I had been left to myself for more than three hours, and it was already getting dark, yet Trevor did not return. I therefore determined to go in search of him. I had just turned the corner of the street in which was the dark arch from which Marcus had emerged, when I saw Trevor and the black approaching. Jack had succeeded in drawing Marcus away from a lawless set of rascals, who were pirates of the worst class, by whom the latter had recently been captured, and had had his life spared upon taking the usual oath to join the crew of his captors. He was closely watched by them, so that Trevor could not get near him till the shades of evening had fairly set in.

Jack and Marcus were not long in bringing me to their way of thinking, that overland would be our safer way of reaching England; so we determined to lose our passage money, and on Marcus’s account more particularly, to take the easiest and quickest route to New York. Peter would not leave me, and is still a member of my household, dealing often in the marvellous, and frightening the maids in the kitchen with his narratives of shipwreck and crocodiles, of pirates and savages, and of blood and murder.

With our quitting San Francisco our perils and adventures came to an end, and we reached Liverpool in time to see Marcus on his way to Liberia, with letters of recommendation, before accepting dear Aunt Becky’s invitation to spend Christmas at Merton Lodge, and to spread out before her the trophies I had promised at starting, among which her drawing-room exhibits, by way of hearth-rugs, two panther skins, and, in large glazed cases, a lot of stuffed birds and reptiles, including a rattlesnake and a boa-constrictor.

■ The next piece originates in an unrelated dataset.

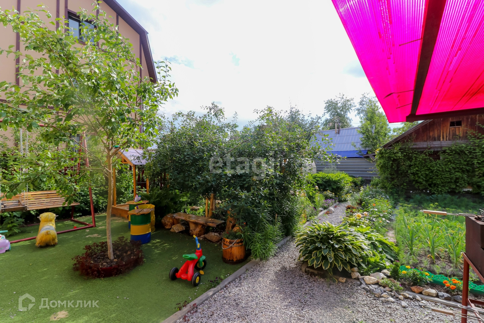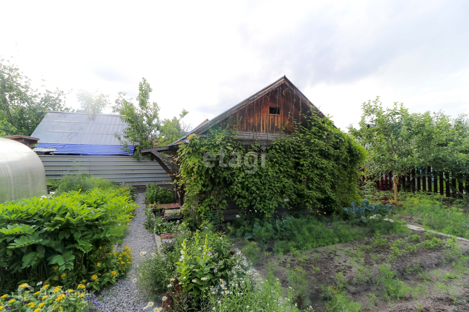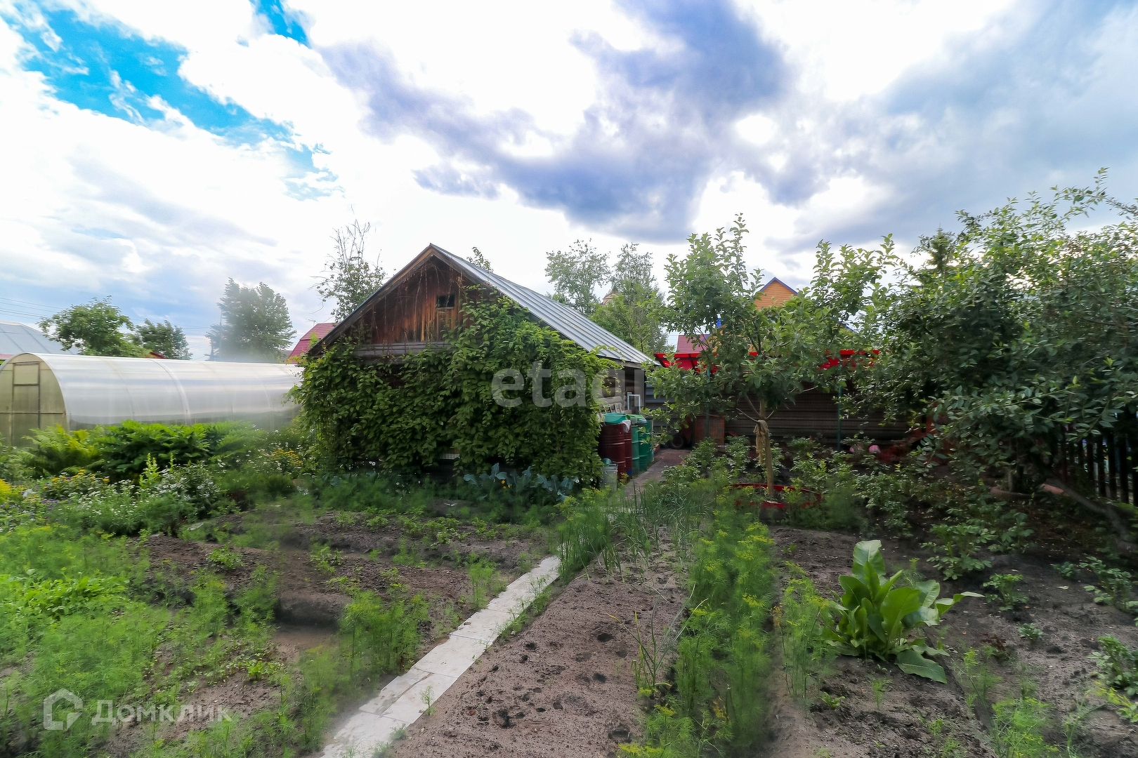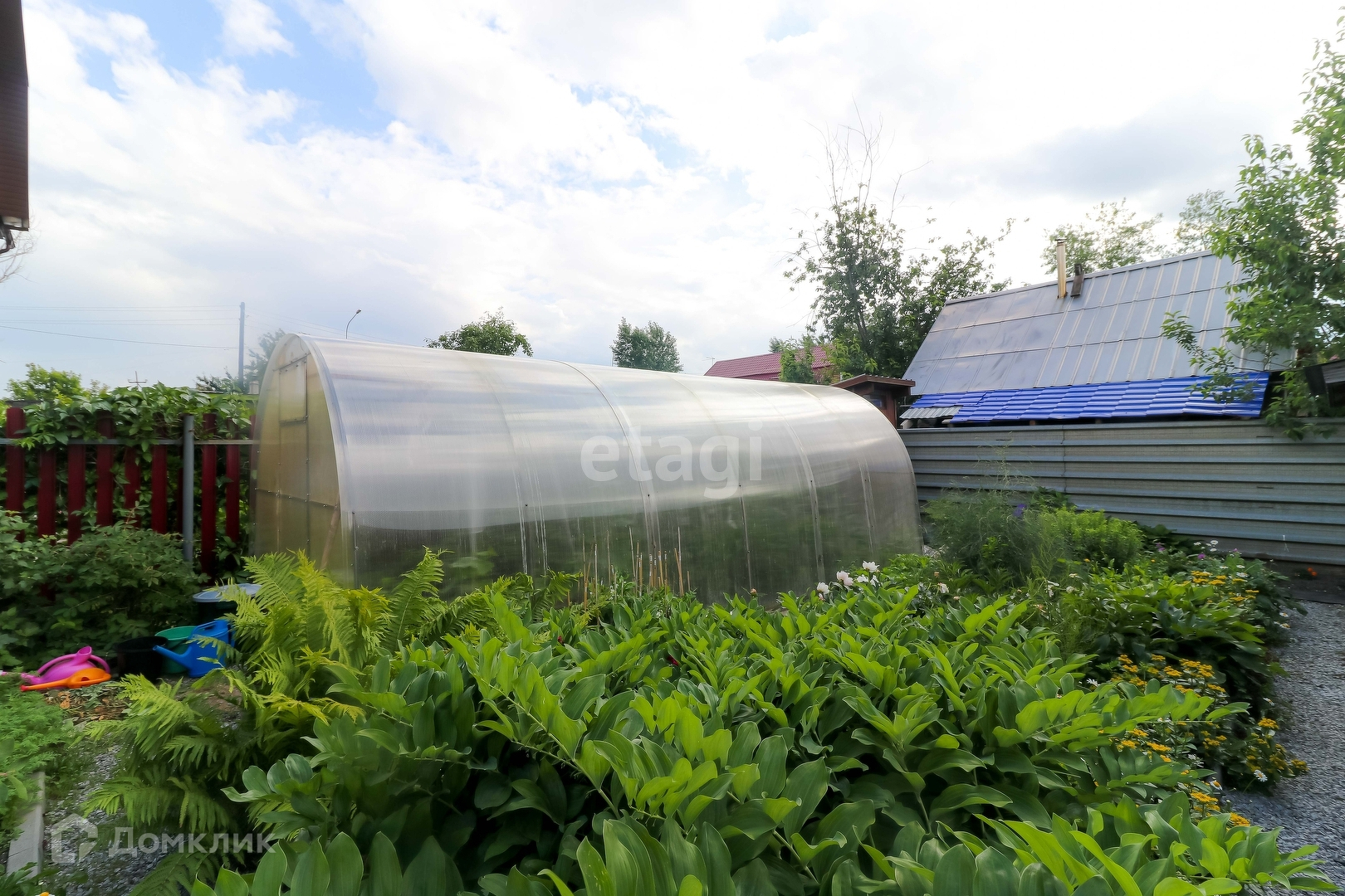 Так же на участке имеется благоустроенный гараж, баня, беседка, ухоженный участок с насаждениями и детской площадкой, теплицы.
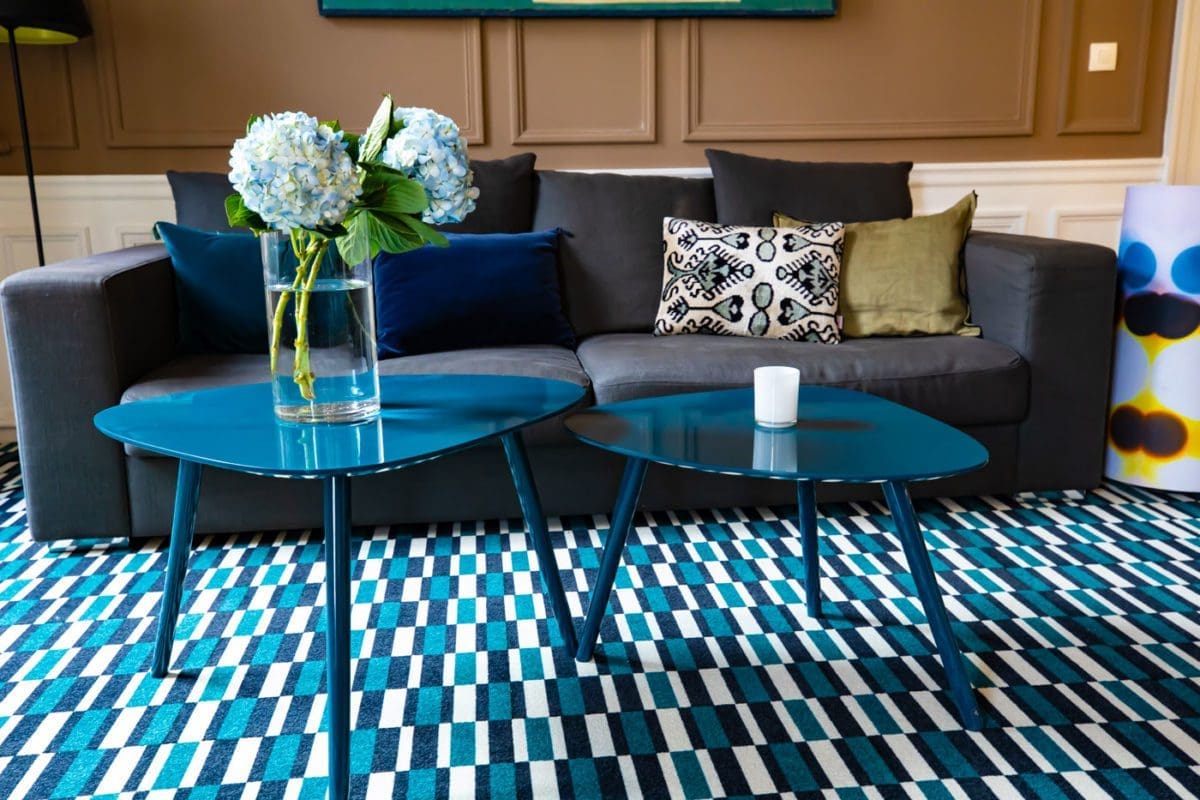 Redécouvrez le fameux « Bleu Sarah » dans une déclinaison unique où les formes géométriques sont au rendez-vous. Une autre déclinaison, issue de cette collaboration, propose une moquette aux formes plus arrondies.

I need not say that Ready is a great favourite with all the household, and that with true canine sagacity he knows how to make the most of his popularity. He seems to imply by his manner that the stuffed trophies would scarcely have been where they are but for him, and his bright eyes express as plainly as tongue can doQuorum pars magna fui, whenever Trevor and I have to narrate, for dear aunt’s repeated gratification, how the living creatures themselves were captured and where they ran wild.